> **THE DATA**
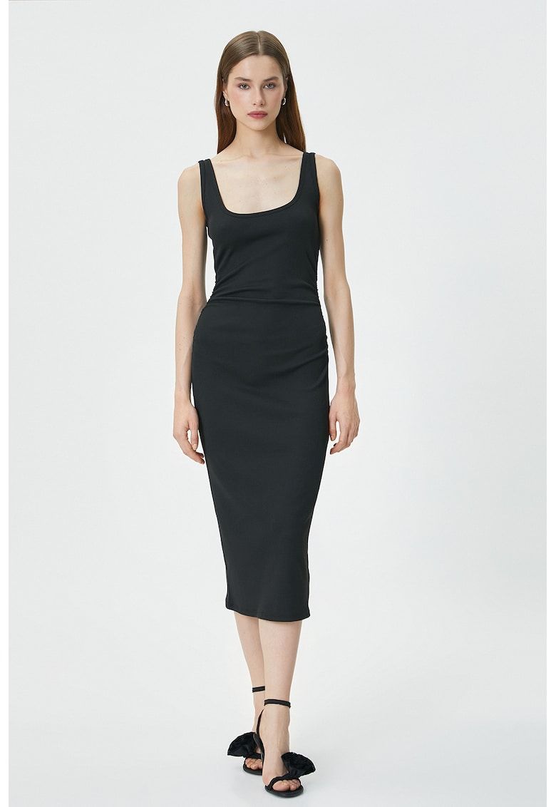 Caracteristici Culoare: negru Stil: casual Material: poliester Imprimeu: uni Croiala: cambrata Lungime: midi Decolteu: patrat Lungime maneca: fara maneca Compozitie Exterior: 95% poliester - 5% elastan
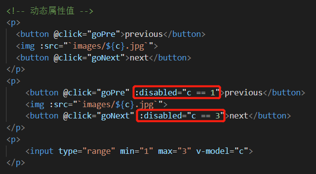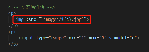 Vue - 实践案例(三)动态属性值 乌龙白桃Nina酱 2020-01-20 834 阅读1分钟 当需要html中的属性的值是动态的的时候可以在属性前加冒号。 加冒号后 "" 中就形成了一个动态的空间,因此我们要再写 `` 把属性值的字符串部分还原。 所有属性之前都可以加冒号,如此该属性的值便可以写表达式。 例如下面有三张以数字命名的图片,我们在页面中插入一张并让其随c的值的改变而改变: html: JS: 得到的效果是拖拽拖拽条可以切换图片: 写轮播图也非常方便: html: JS: 效果:
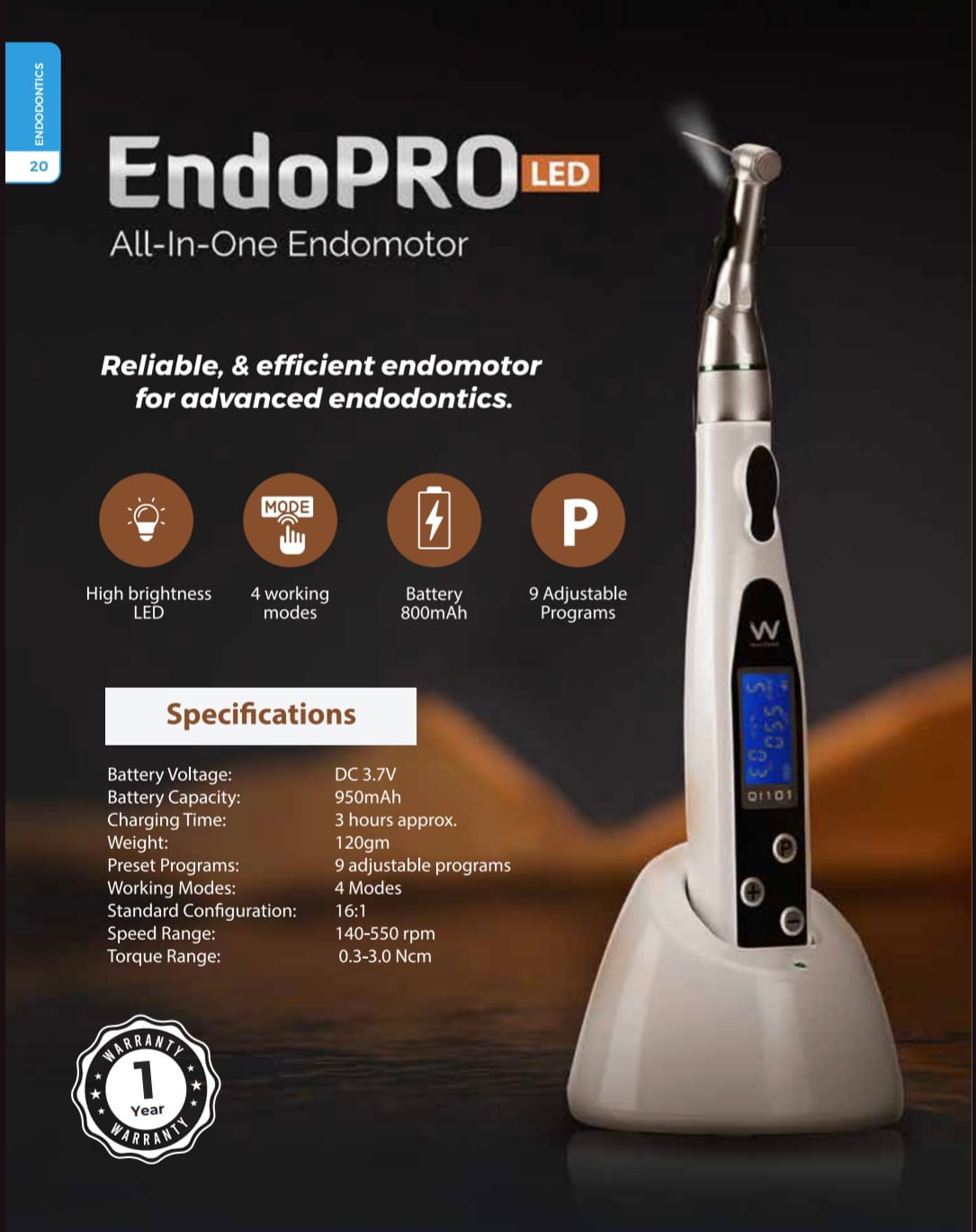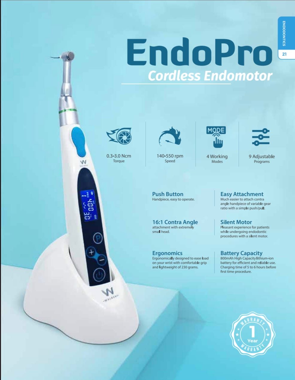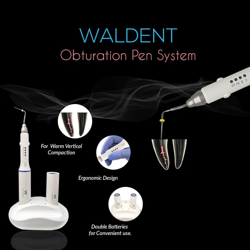 Waldent Obturation Pen System is a Cordless system used for Warm Vertical Compaction while doing RCT. Using Obturation Pen, one applies pressure in a vertical direction to the heat softened gutta percha and thereby causes it to flow and to fill the entire lumen of the canal. Shape of Apical foramen should not be moved.
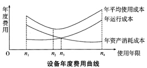 【解析】設(shè)備使用年限越長,所分攤的設(shè)備年資產(chǎn)消耗成本越少,但是隨著設(shè)備使用年限的增加,年資產(chǎn)消耗成本的降低,會被年度運行成本的增加或收益的下降所抵消。在整個變化過程中存在著某一年份,設(shè)備年平均使用成本最低,經(jīng)濟效益最好。如上圖所示,在n2年時,設(shè)備年平均使用成本達到最低值。稱設(shè)備從開始使用到其年平均使用成本最小(或年盈利最高)的使用年限n2為設(shè)備的經(jīng)濟壽命。所以,設(shè)備的經(jīng)濟壽命就是從經(jīng)濟觀點(即成本觀點或收益觀點)確定的設(shè)備更新的最佳時刻。
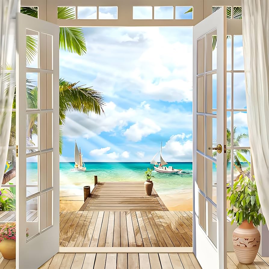 Diamond Painting Kit Completo Paesaggio Marino, Finestra Sulla Spiaggia
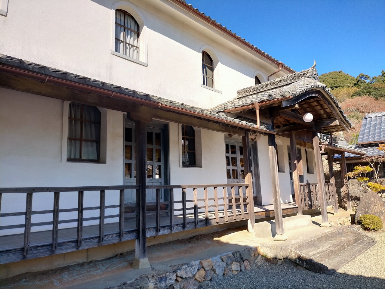 1882年(明治15)年に卯之町の町民の寄付で建てられた四国最古の小学校校舎で、国の重要文化財に指定されています。 明治... 続きを読むの建物としては、白壁とアーチ型の窓がハイカラな洋風建築で、文明開花を意識した教育への情熱の表れだと想像できます。 事前に予約すれば、袴姿の先生に明治の授業を受ける体験もできるそうですよ。 閉じる
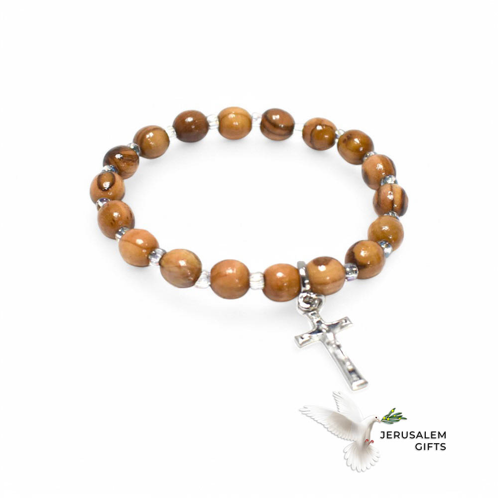 Olive Wood 6mm Beads Bracelet with Crucifix Pendant quantity
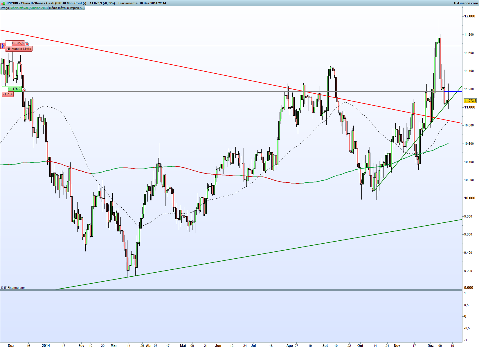 Abertura de duas novas posições, uma longa na China H-Shares (aos interessados aconselho ver o gráfico semanal deste índice com a devida atenção) e outra curta na SSYS com os respectivos valores de entrada e stops no gráfico.
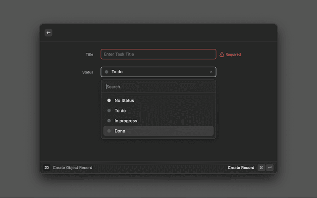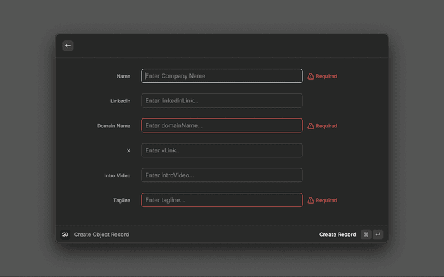 To create a record for any object, select your target object and press ENTER. This will open a form that matches the exact table schema you created in your CRM, following any validations it suggests to successfully create your record by pressing CMD + ENTER. Records cannot be created with an empty first column (such as Name, Title, etc.).
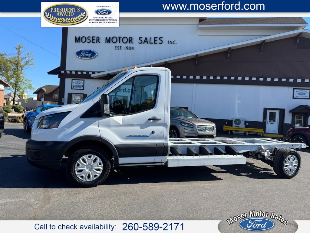 STOCK#RT0248This is a one-owner E-Transit Chassis that we purchased directly from Ford Motor Company. Do not confuse this with an ex-rental vehicle, so common in the marketplace. It also has a Clean AutoCheck history report.This E-Transit is equipped with these key items:lane keeping pro power onboardapple carplay/android auto fordpass blind spot alert bluetooth 178 wheelbaseEach Moser Motor's vehicle receives a full service and inspectionIt has its remaining Ford Factory Warranty for 3 years or 36,000 miles bumper-bumper and 5 years or 60,000 miles powertrain (from the in service date).Give us a call today at 260 589 2171 to check the vehicle's availability and to schedule a test drive. -----We have earned Ford's prestigious President's Award 15 years for quality business practices and outstanding customer satisfaction. Moser Motor Sales was established in 1904 by AJ Moser in downtown Berne Indiana. Today it is a 4th- and 5th-Generation Family-Owned Ford Dealership - the oldest family-owned Ford dealership in the State of Indiana and one of the Nation's oldest dealerships. Its current owners attribute the longevity of the company to a strong foundation built by their forefathers to great employees and to a loyal customer base. Check out our reputation of excellence as reviewed by both service and sales customers. The only additional fees to your sales price are a $148 document preparation fee - one of the lowest in the region - and sales tax as required by the State of Indiana. Fair Prices. Award-winning Sales and Service. No Surprises. Come join the family of satisfied customers at Moser Motor Sales.
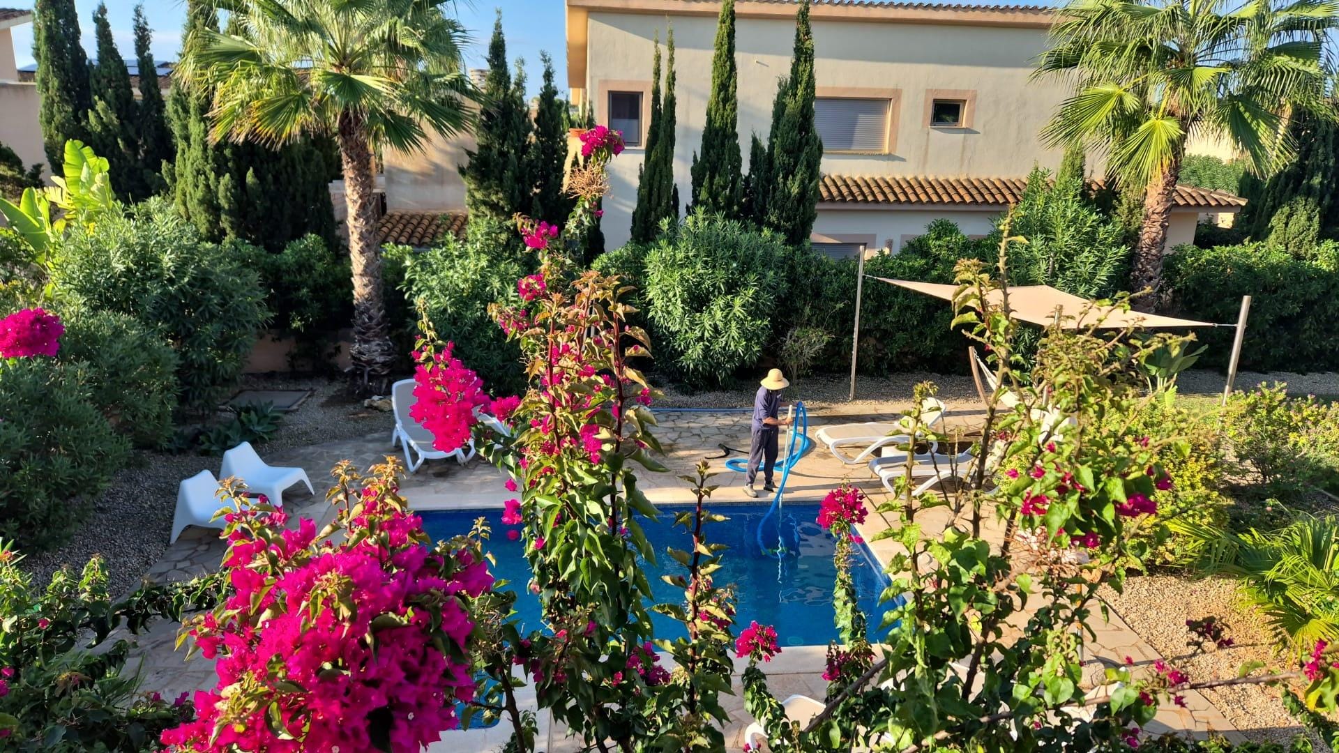 The fully fenced plot is 820m2 in size and has a wonderful garden with private pool 6x4 m, with Roman steps. The covered terrace offers you a 2.40m dining table with 8 wicker chairs and an outdoor kitchen with gas grill and sink. In the beautiful garden you can relax by the pool.
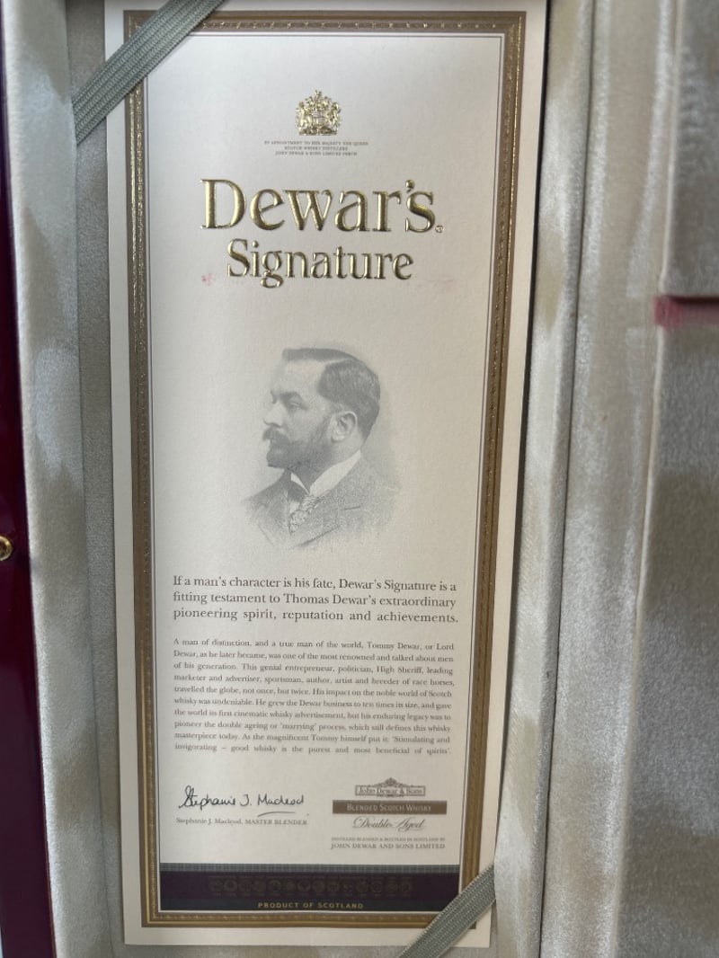 WHISKY, 2006 DEEWARS, SIGNATURE BLENDED SCOTCH WHISKY, BOTTLE NUMBER: AA13523, 43%, 1 x 750ML BOTTLE, INCLUDES TIMBER CASE & INFORMATION CARD. ** IT IS AN OFFENCE TO SELL OR SUPPLY TO OR OBTAIN LIQUOR ON BEHALF OF A PERSON UNDER THE AGE OF 18 YEARS ** ** This Auction is ONLINE VIEWING ONLY and NATIONWIDE SHIPPING ONLY ** Prior to bidding, bidders can generate an affordable shipping quote for delivery anywhere in Australia by clicking 'Get Shipping Quote' found within the Lloyds Bidding Centre on every lot. *Nationwide shipping subject to item dimensions & the proposed destination meeting our freight partners criteria. #WINE

> **WHAT THIS TASK INVOLVES**
Transcribe exactly, please, the lines between the start of the records above and the line holding "Vue - 实践案例(三)动态属性值", counting both of those lines and omitting pictures.

> **ANSWER BOX**
 Caracteristici Culoare: negru Stil: casual Material: poliester Imprimeu: uni Croiala: cambrata Lungime: midi Decolteu: patrat Lungime maneca: fara maneca Compozitie Exterior: 95% poliester - 5% elastan
 Vue - 实践案例(三)动态属性值 乌龙白桃Nina酱 2020-01-20 834 阅读1分钟 当需要html中的属性的值是动态的的时候可以在属性前加冒号。 加冒号后 "" 中就形成了一个动态的空间,因此我们要再写 `` 把属性值的字符串部分还原。 所有属性之前都可以加冒号,如此该属性的值便可以写表达式。 例如下面有三张以数字命名的图片,我们在页面中插入一张并让其随c的值的改变而改变: html: JS: 得到的效果是拖拽拖拽条可以切换图片: 写轮播图也非常方便: html: JS: 效果:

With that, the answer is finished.